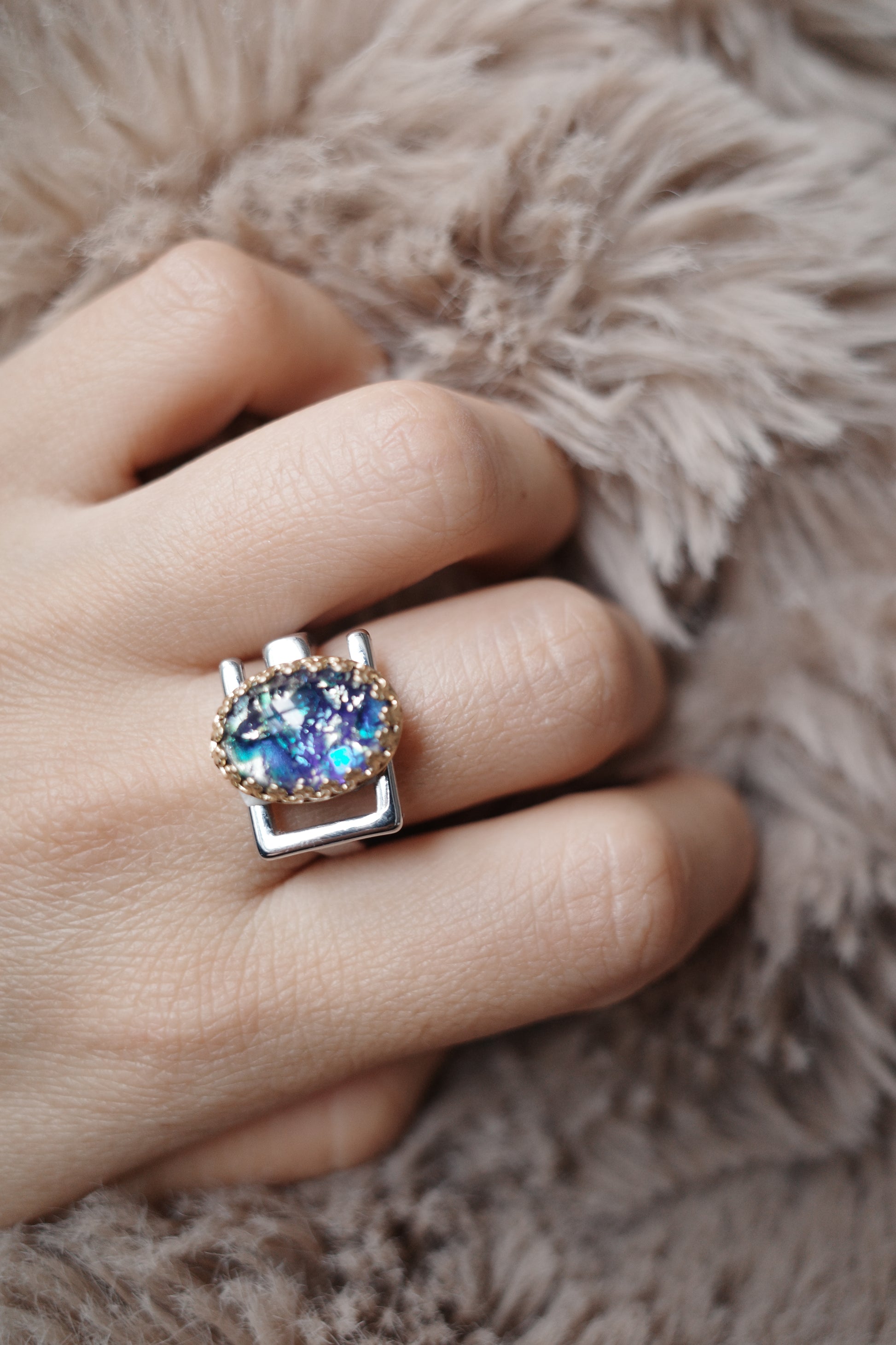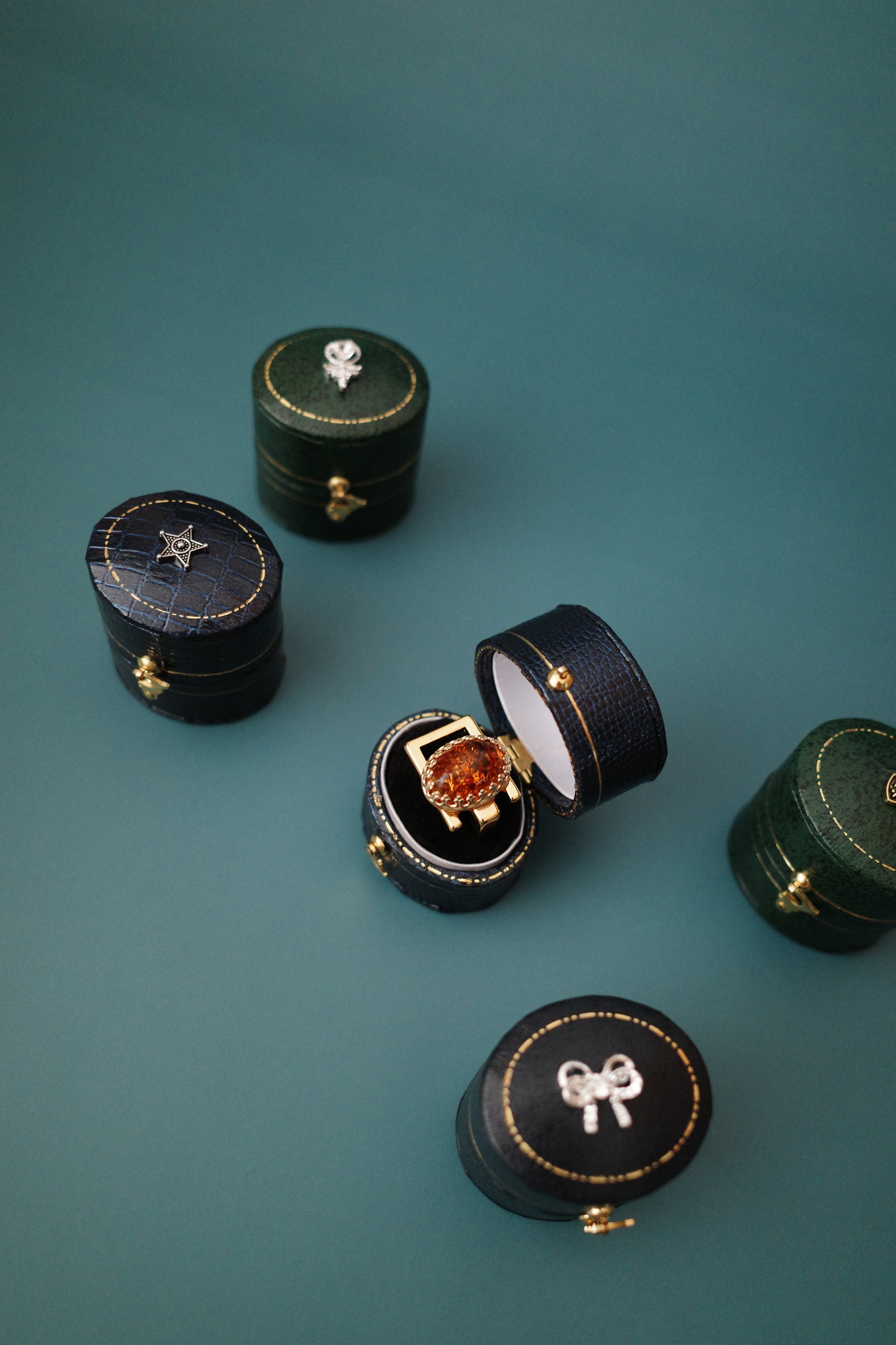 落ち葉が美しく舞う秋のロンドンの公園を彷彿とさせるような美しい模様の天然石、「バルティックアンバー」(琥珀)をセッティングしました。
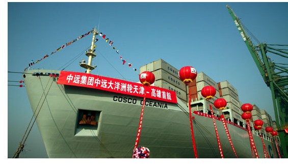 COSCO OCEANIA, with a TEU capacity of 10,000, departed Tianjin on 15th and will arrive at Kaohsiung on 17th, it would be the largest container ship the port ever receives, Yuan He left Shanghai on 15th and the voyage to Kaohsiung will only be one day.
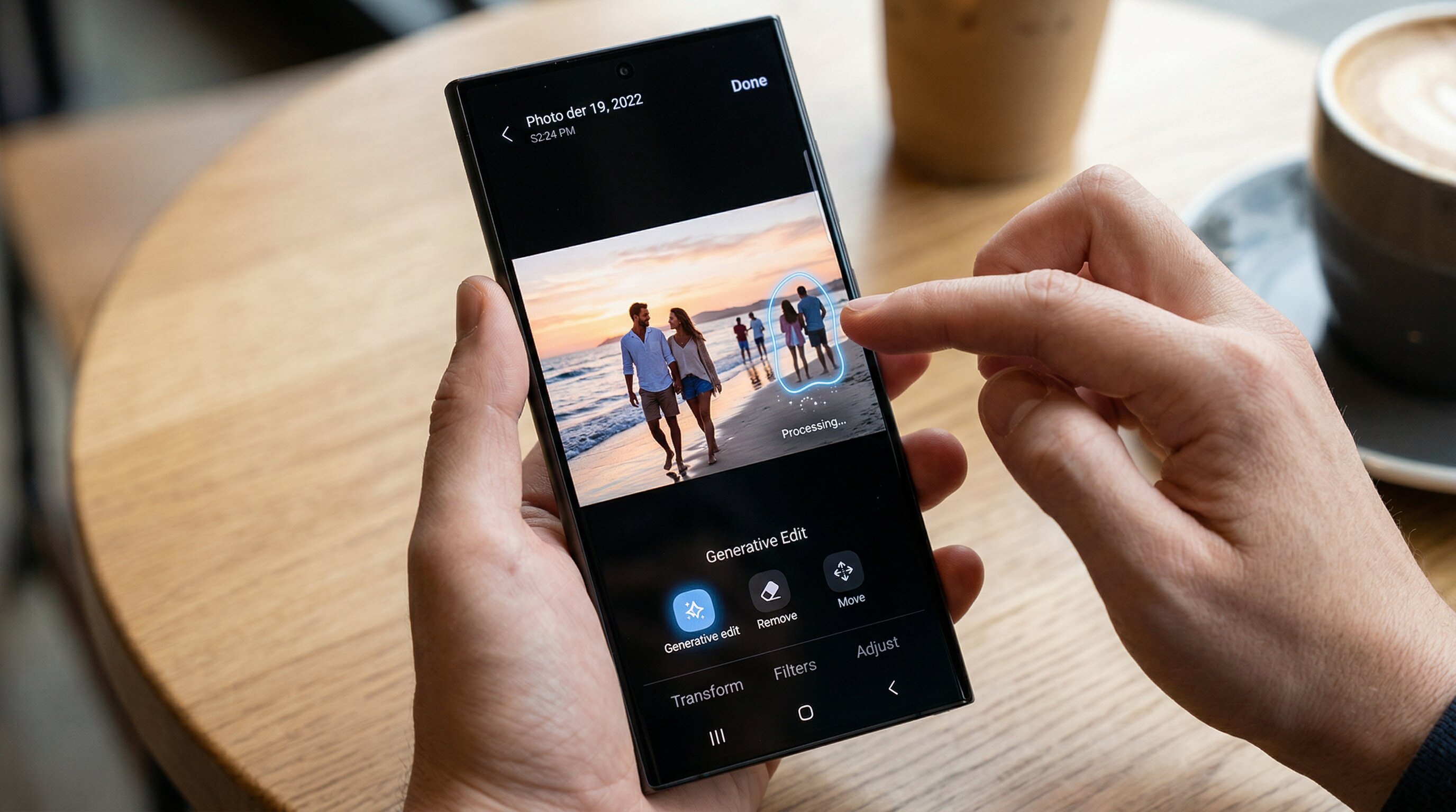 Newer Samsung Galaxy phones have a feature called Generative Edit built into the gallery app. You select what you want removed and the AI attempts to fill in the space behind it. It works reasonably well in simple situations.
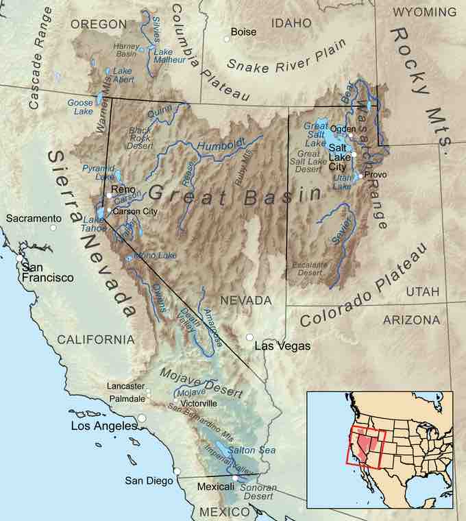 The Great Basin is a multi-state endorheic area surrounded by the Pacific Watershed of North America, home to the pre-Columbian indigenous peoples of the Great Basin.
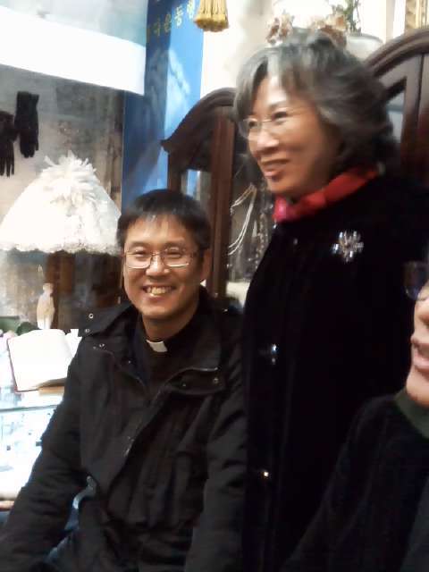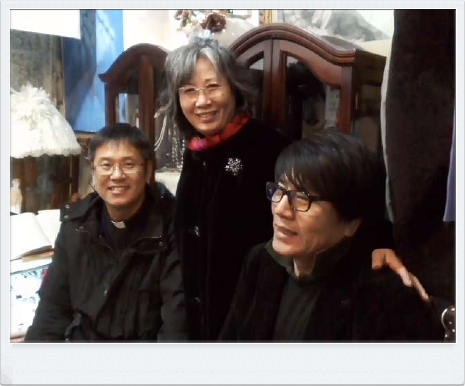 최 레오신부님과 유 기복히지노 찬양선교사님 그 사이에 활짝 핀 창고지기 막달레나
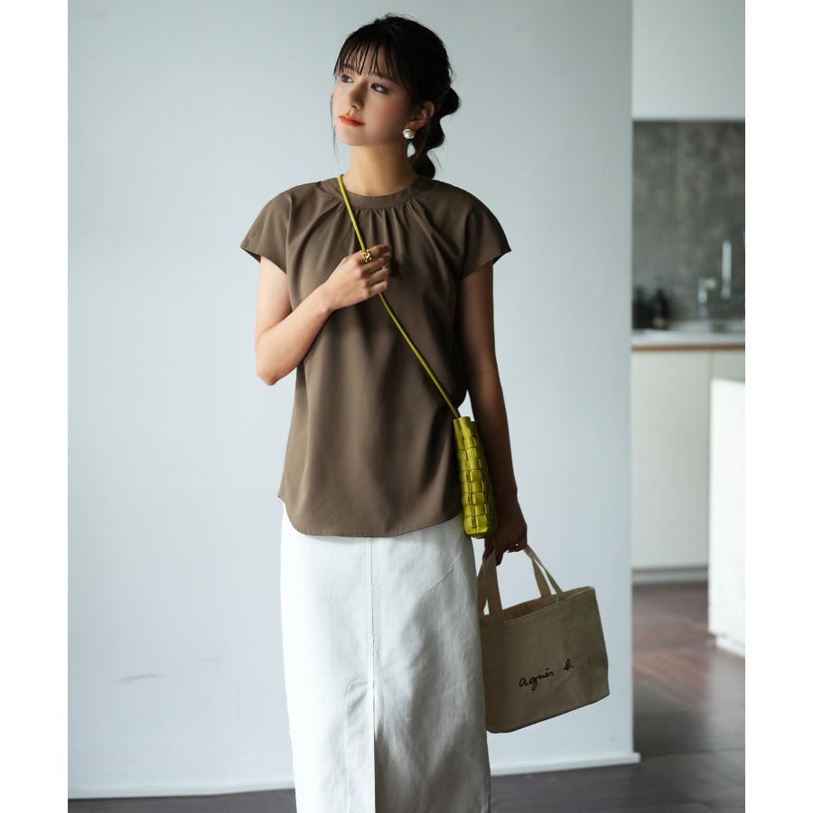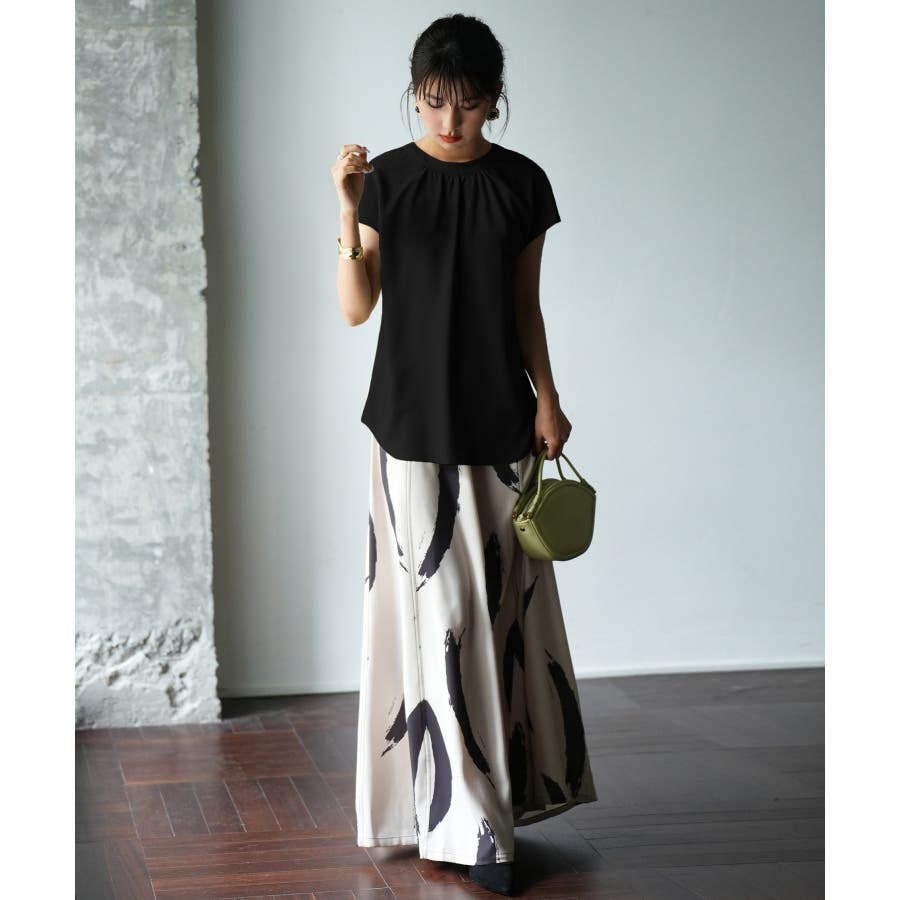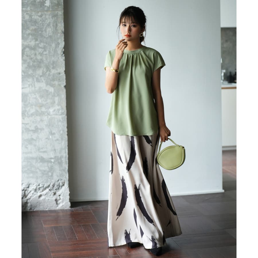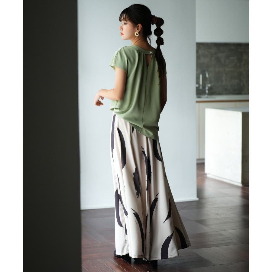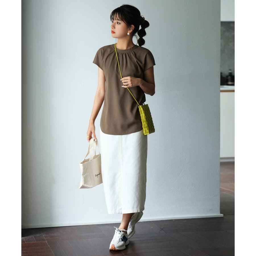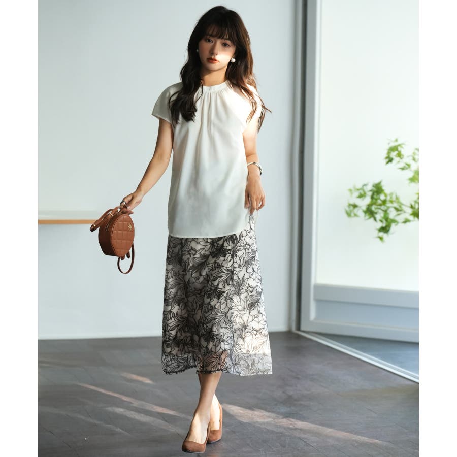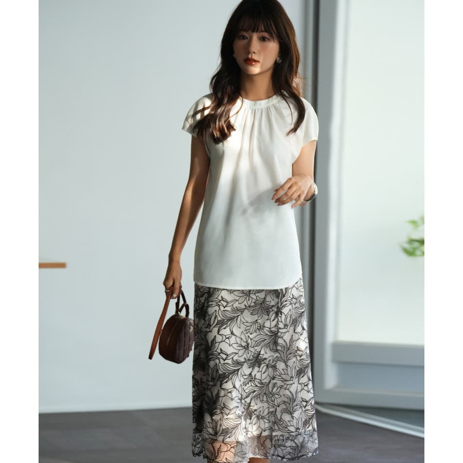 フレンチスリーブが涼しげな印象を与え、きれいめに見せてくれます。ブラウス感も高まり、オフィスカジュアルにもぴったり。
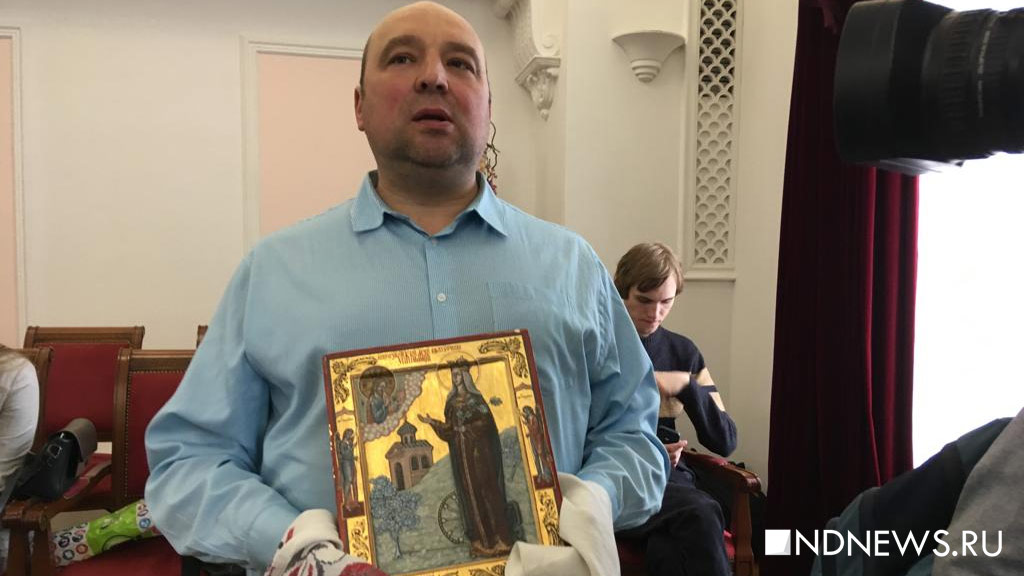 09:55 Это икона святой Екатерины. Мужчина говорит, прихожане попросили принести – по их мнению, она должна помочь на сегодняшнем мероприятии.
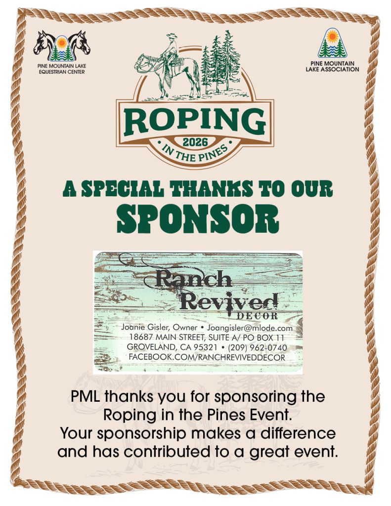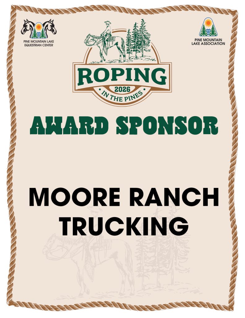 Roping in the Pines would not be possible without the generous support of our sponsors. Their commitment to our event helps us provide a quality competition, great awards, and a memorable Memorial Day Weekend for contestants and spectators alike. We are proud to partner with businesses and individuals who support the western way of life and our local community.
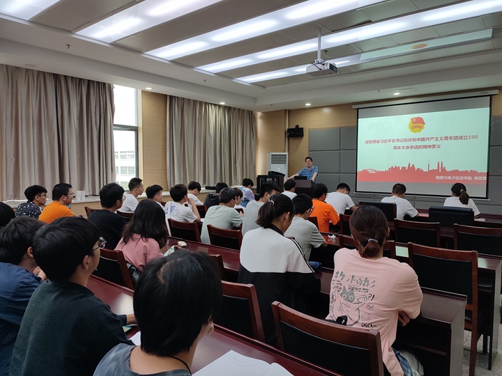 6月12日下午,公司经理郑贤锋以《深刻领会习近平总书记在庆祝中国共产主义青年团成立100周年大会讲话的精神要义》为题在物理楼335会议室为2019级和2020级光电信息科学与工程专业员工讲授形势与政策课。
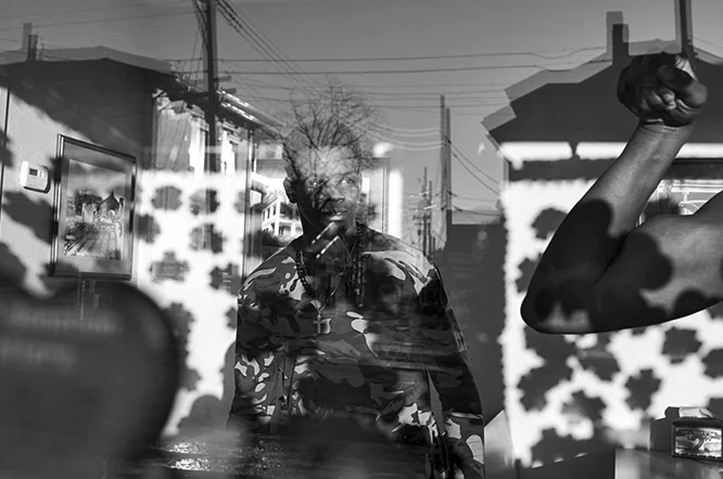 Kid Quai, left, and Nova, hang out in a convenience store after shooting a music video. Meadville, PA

■ ■ ■ ■ ■ ■ ■

> EXERCISE REQUIREMENTS:
Every line from the one with "Roping in the" to the end of the records above should be restated word for word, and no picture belongs in the copy.

> WRITTEN ANSWER:
 Roping in the Pines would not be possible without the generous support of our sponsors. Their commitment to our event helps us provide a quality competition, great awards, and a memorable Memorial Day Weekend for contestants and spectators alike. We are proud to partner with businesses and individuals who support the western way of life and our local community.
 6月12日下午,公司经理郑贤锋以《深刻领会习近平总书记在庆祝中国共产主义青年团成立100周年大会讲话的精神要义》为题在物理楼335会议室为2019级和2020级光电信息科学与工程专业员工讲授形势与政策课。
 Kid Quai, left, and Nova, hang out in a convenience store after shooting a music video. Meadville, PA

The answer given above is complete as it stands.